[Source records]
######

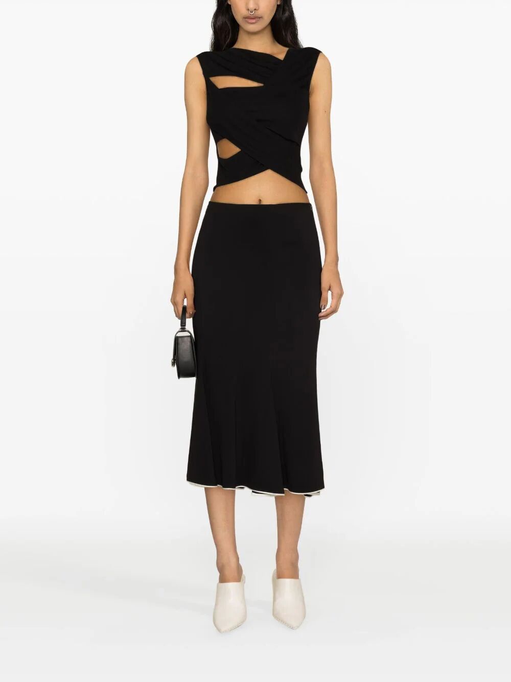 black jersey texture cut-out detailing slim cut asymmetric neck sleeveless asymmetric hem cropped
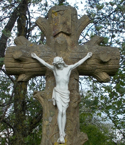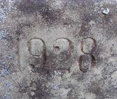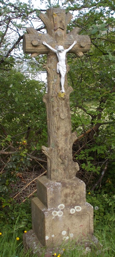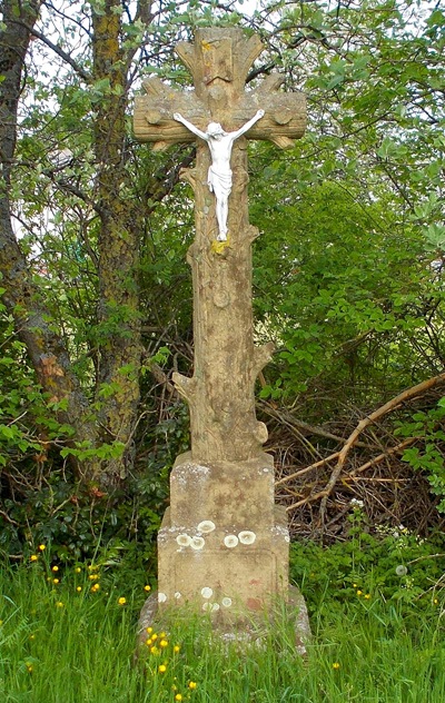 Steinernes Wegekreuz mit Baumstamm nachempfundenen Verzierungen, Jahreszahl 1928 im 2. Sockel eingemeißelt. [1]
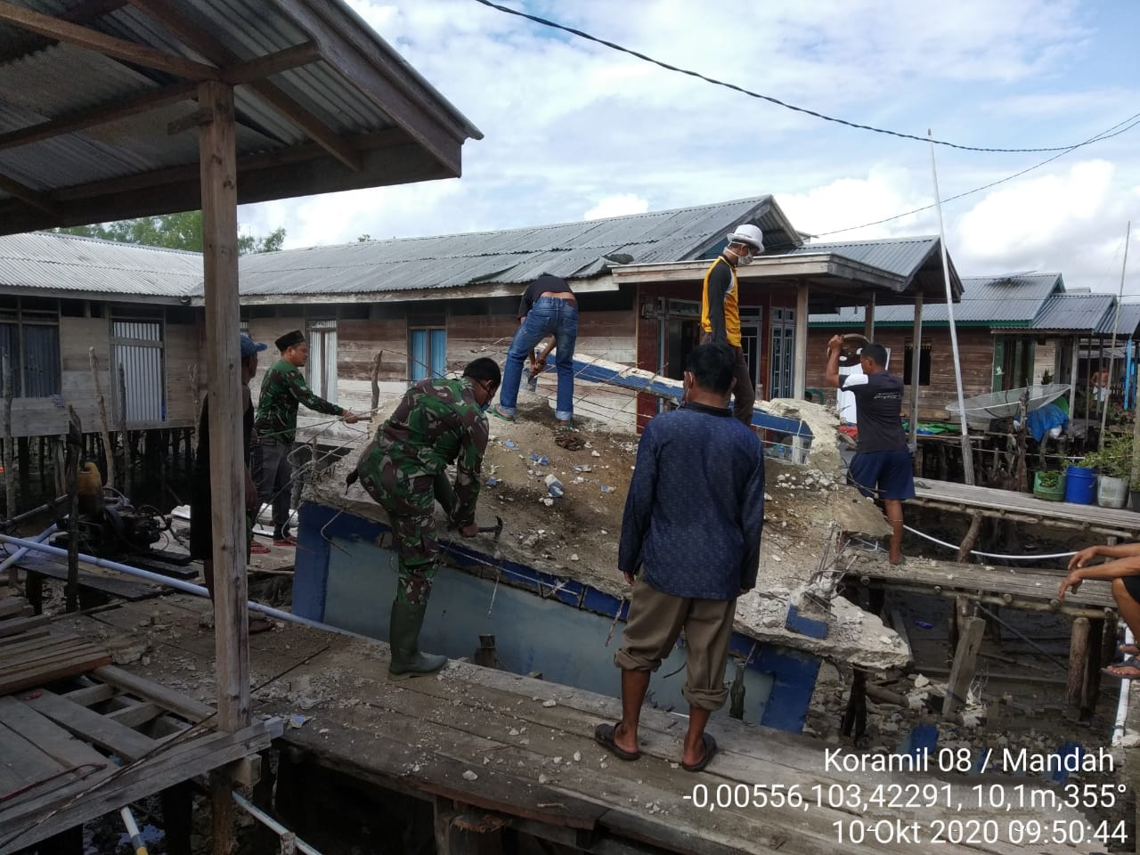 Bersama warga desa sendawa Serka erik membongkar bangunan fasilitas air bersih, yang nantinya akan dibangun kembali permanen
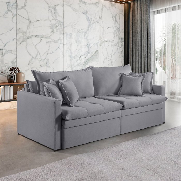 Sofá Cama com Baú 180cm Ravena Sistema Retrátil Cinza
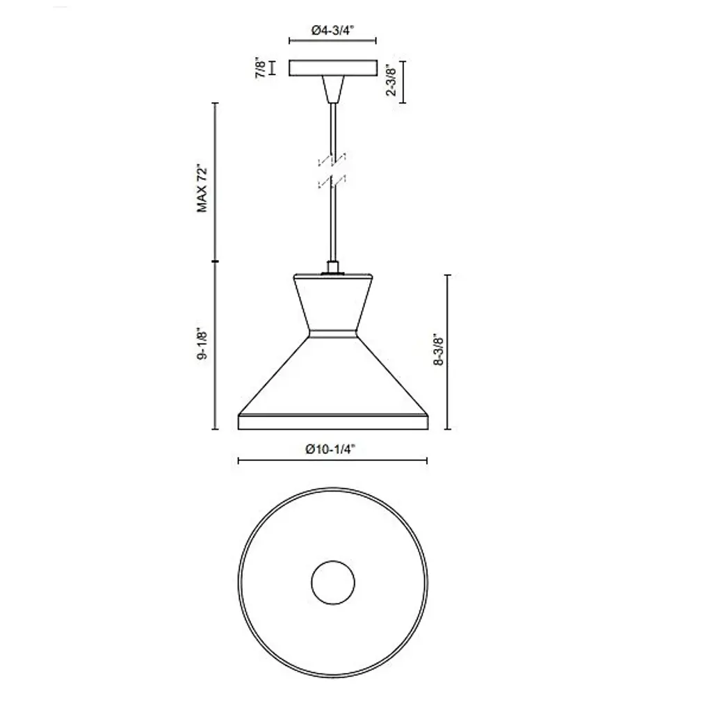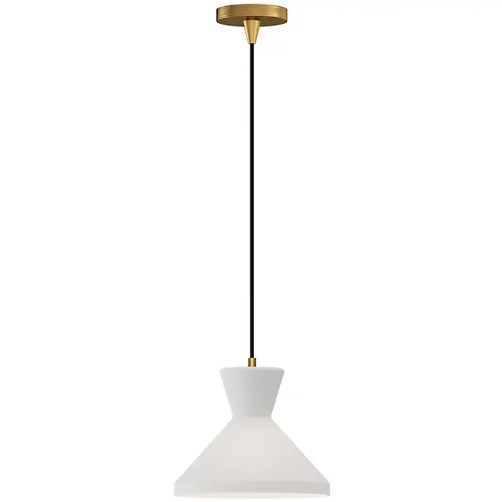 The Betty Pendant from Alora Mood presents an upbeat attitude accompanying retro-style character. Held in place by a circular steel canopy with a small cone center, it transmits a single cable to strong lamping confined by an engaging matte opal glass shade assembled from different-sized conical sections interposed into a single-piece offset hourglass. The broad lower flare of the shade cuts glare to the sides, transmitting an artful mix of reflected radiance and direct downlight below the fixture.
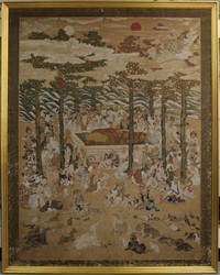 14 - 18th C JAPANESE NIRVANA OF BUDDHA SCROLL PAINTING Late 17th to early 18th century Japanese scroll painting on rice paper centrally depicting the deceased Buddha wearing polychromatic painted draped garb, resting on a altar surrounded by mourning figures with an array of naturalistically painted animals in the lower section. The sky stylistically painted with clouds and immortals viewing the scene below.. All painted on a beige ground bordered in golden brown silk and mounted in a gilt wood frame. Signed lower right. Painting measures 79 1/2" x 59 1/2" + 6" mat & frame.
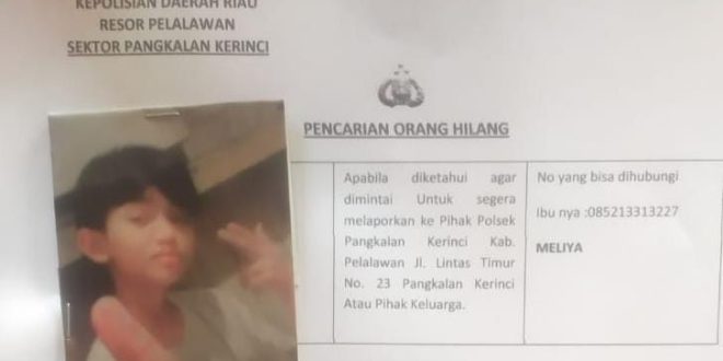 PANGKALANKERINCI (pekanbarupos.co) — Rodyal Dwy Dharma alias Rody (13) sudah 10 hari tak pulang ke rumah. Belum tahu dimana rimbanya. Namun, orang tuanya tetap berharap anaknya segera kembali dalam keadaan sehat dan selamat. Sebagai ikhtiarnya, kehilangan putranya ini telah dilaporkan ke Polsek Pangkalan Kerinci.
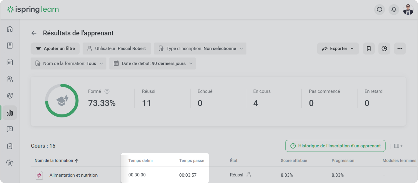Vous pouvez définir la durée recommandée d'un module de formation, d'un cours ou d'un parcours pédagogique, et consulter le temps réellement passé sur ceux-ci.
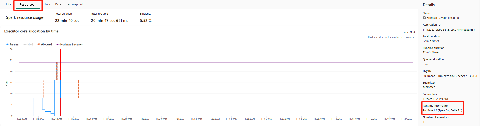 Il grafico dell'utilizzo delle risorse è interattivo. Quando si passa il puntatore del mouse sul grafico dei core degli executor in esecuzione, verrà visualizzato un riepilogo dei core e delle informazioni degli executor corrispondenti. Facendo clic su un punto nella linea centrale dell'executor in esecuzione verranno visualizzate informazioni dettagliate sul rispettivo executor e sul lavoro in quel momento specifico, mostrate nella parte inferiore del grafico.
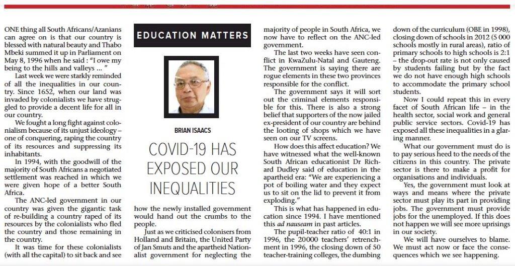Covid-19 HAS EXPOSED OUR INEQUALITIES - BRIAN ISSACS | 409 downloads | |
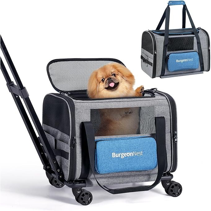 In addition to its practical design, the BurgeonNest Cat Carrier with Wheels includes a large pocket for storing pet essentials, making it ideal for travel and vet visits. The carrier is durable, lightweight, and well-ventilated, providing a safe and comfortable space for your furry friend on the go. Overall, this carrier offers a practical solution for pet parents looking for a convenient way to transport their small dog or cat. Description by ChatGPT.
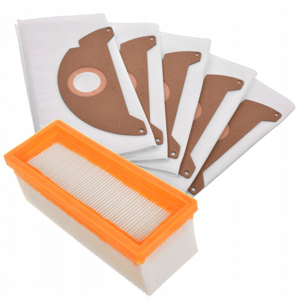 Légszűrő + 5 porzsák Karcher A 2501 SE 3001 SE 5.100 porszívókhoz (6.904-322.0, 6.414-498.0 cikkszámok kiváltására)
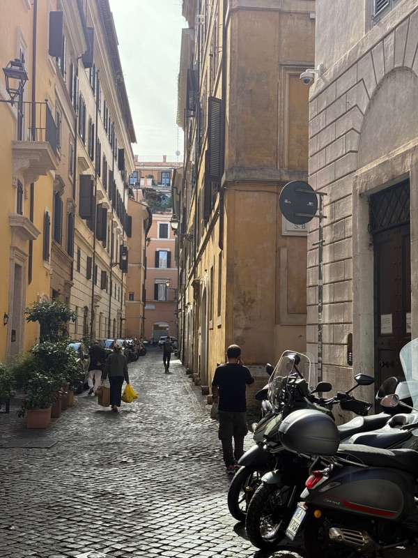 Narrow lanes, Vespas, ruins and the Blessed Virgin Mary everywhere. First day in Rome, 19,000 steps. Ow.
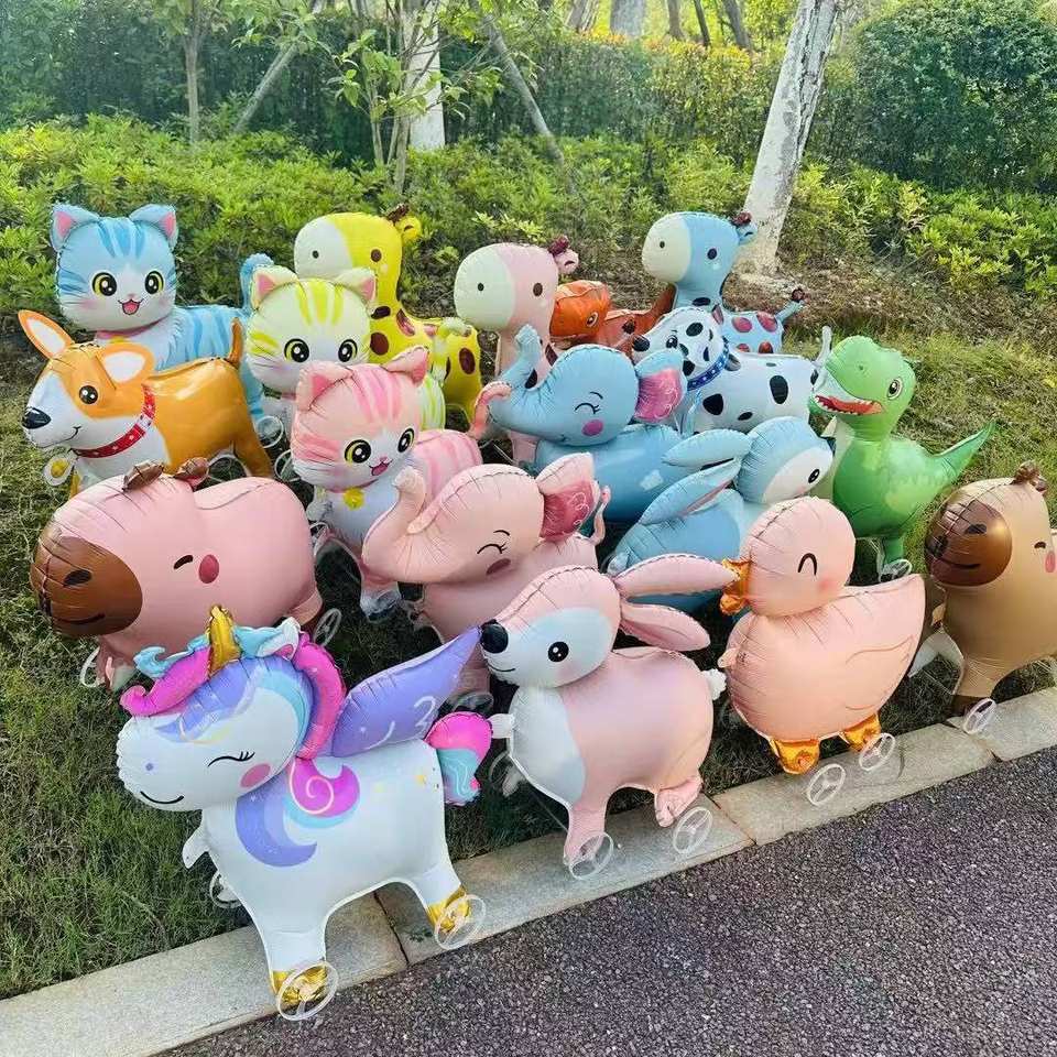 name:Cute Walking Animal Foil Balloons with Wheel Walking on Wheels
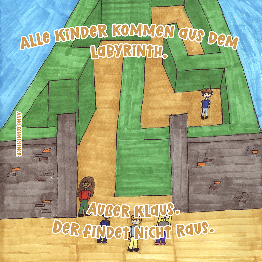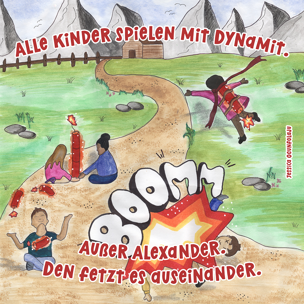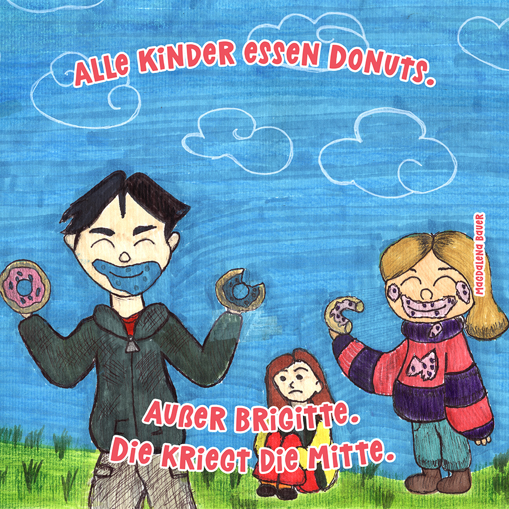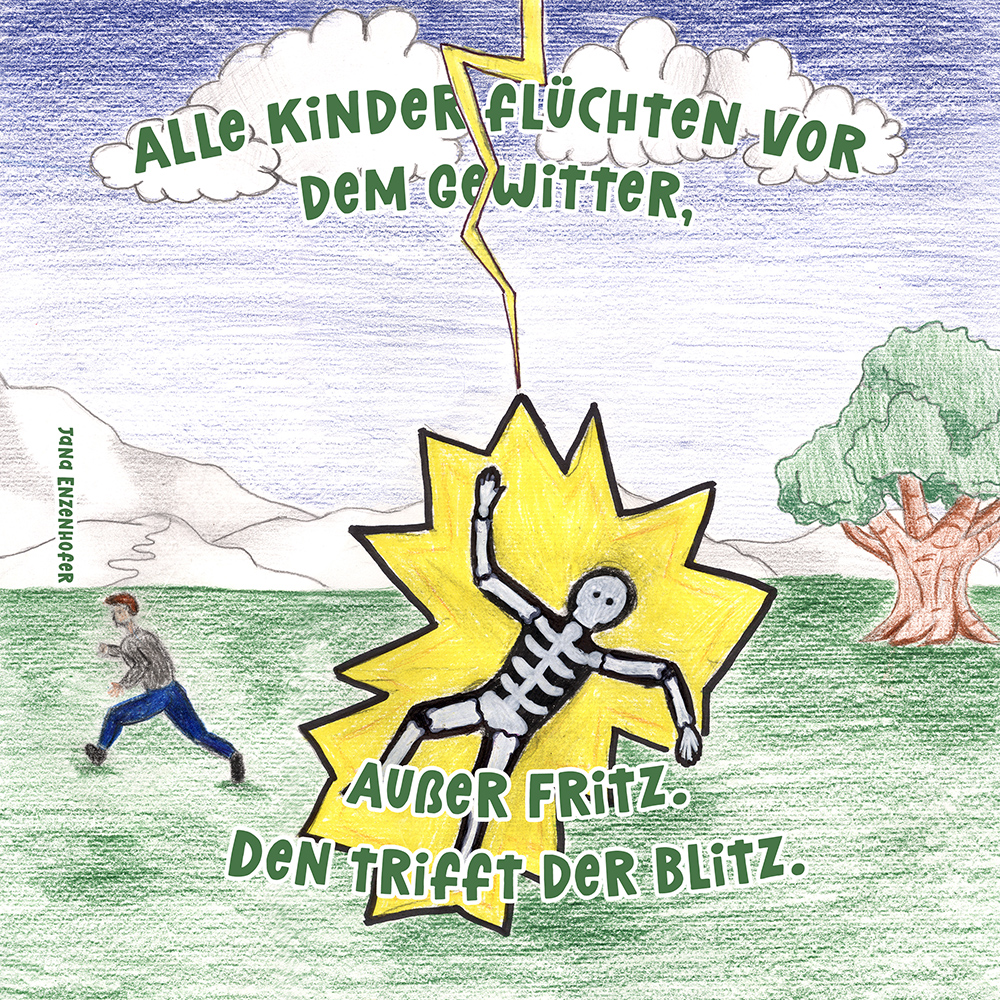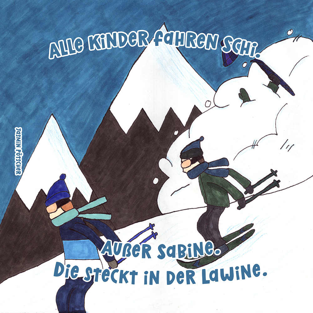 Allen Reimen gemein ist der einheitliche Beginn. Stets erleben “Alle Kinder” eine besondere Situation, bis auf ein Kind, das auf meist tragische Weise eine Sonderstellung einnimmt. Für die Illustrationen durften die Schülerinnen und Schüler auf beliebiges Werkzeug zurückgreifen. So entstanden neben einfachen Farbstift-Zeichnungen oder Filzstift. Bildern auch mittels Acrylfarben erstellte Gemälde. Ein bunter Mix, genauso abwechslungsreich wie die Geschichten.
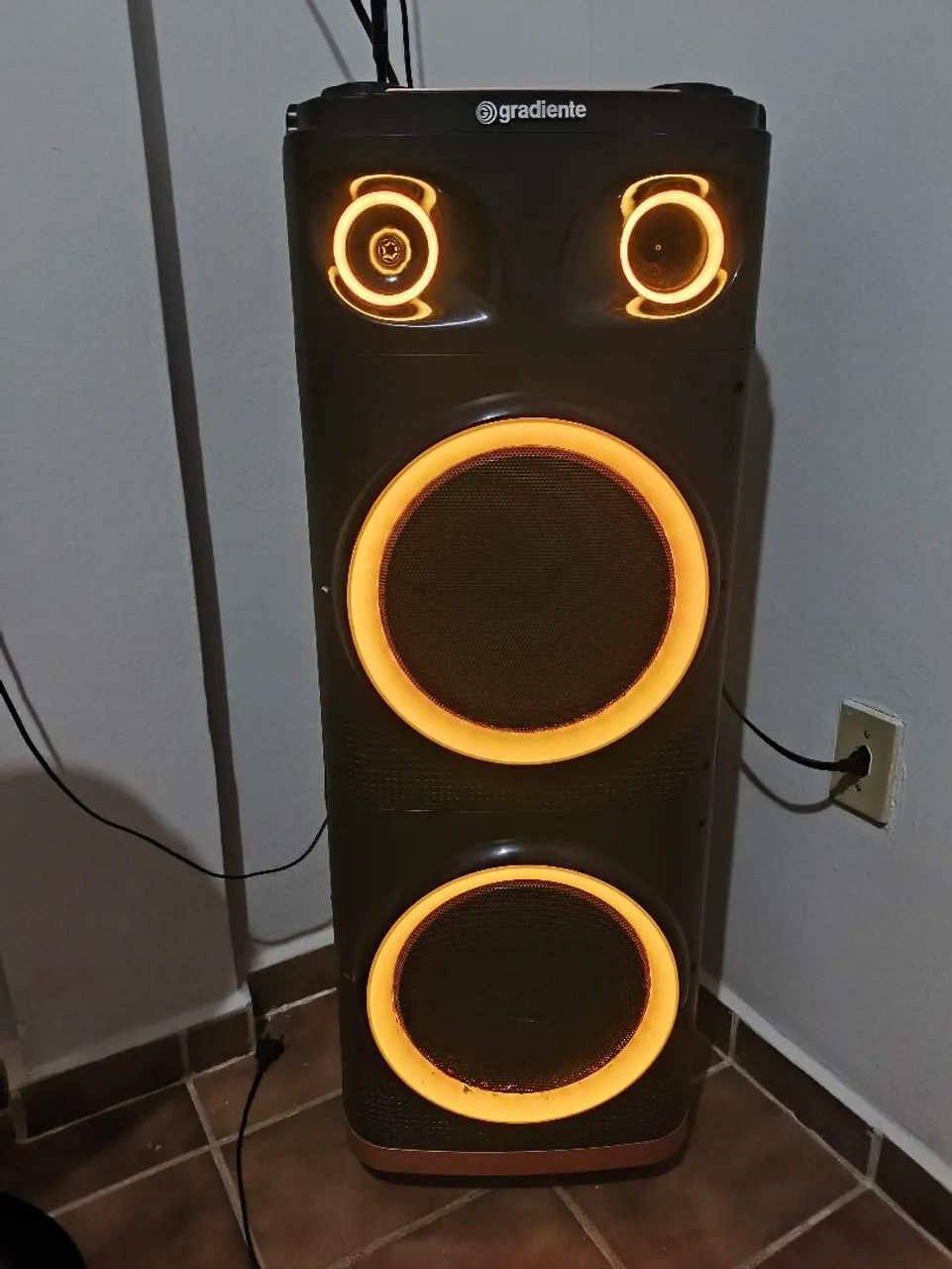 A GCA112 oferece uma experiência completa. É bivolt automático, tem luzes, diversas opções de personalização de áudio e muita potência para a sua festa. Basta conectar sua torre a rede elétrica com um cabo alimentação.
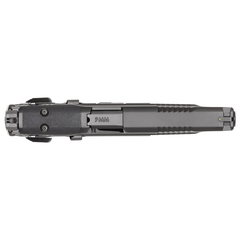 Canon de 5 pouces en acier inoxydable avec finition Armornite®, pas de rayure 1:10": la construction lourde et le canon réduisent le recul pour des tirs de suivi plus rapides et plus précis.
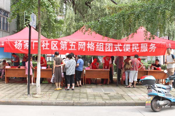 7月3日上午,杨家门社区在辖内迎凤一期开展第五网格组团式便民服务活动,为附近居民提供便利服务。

######

EXERCISE DIRECTIONS »
Where a picture appears in the records above, omit it, and transcribe exactly the stretch of lines from the one with "Bersama warga desa" through the one with "PANGKALANKERINCI (pekanbarupos.co) —".

ANSWER BOX »
 Bersama warga desa sendawa Serka erik membongkar bangunan fasilitas air bersih, yang nantinya akan dibangun kembali permanen
 Sofá Cama com Baú 180cm Ravena Sistema Retrátil Cinza
 The Betty Pendant from Alora Mood presents an upbeat attitude accompanying retro-style character. Held in place by a circular steel canopy with a small cone center, it transmits a single cable to strong lamping confined by an engaging matte opal glass shade assembled from different-sized conical sections interposed into a single-piece offset hourglass. The broad lower flare of the shade cuts glare to the sides, transmitting an artful mix of reflected radiance and direct downlight below the fixture.
 14 - 18th C JAPANESE NIRVANA OF BUDDHA SCROLL PAINTING Late 17th to early 18th century Japanese scroll painting on rice paper centrally depicting the deceased Buddha wearing polychromatic painted draped garb, resting on a altar surrounded by mourning figures with an array of naturalistically painted animals in the lower section. The sky stylistically painted with clouds and immortals viewing the scene below.. All painted on a beige ground bordered in golden brown silk and mounted in a gilt wood frame. Signed lower right. Painting measures 79 1/2" x 59 1/2" + 6" mat & frame.
 PANGKALANKERINCI (pekanbarupos.co) — Rodyal Dwy Dharma alias Rody (13) sudah 10 hari tak pulang ke rumah. Belum tahu dimana rimbanya. Namun, orang tuanya tetap berharap anaknya segera kembali dalam keadaan sehat dan selamat. Sebagai ikhtiarnya, kehilangan putranya ini telah dilaporkan ke Polsek Pangkalan Kerinci.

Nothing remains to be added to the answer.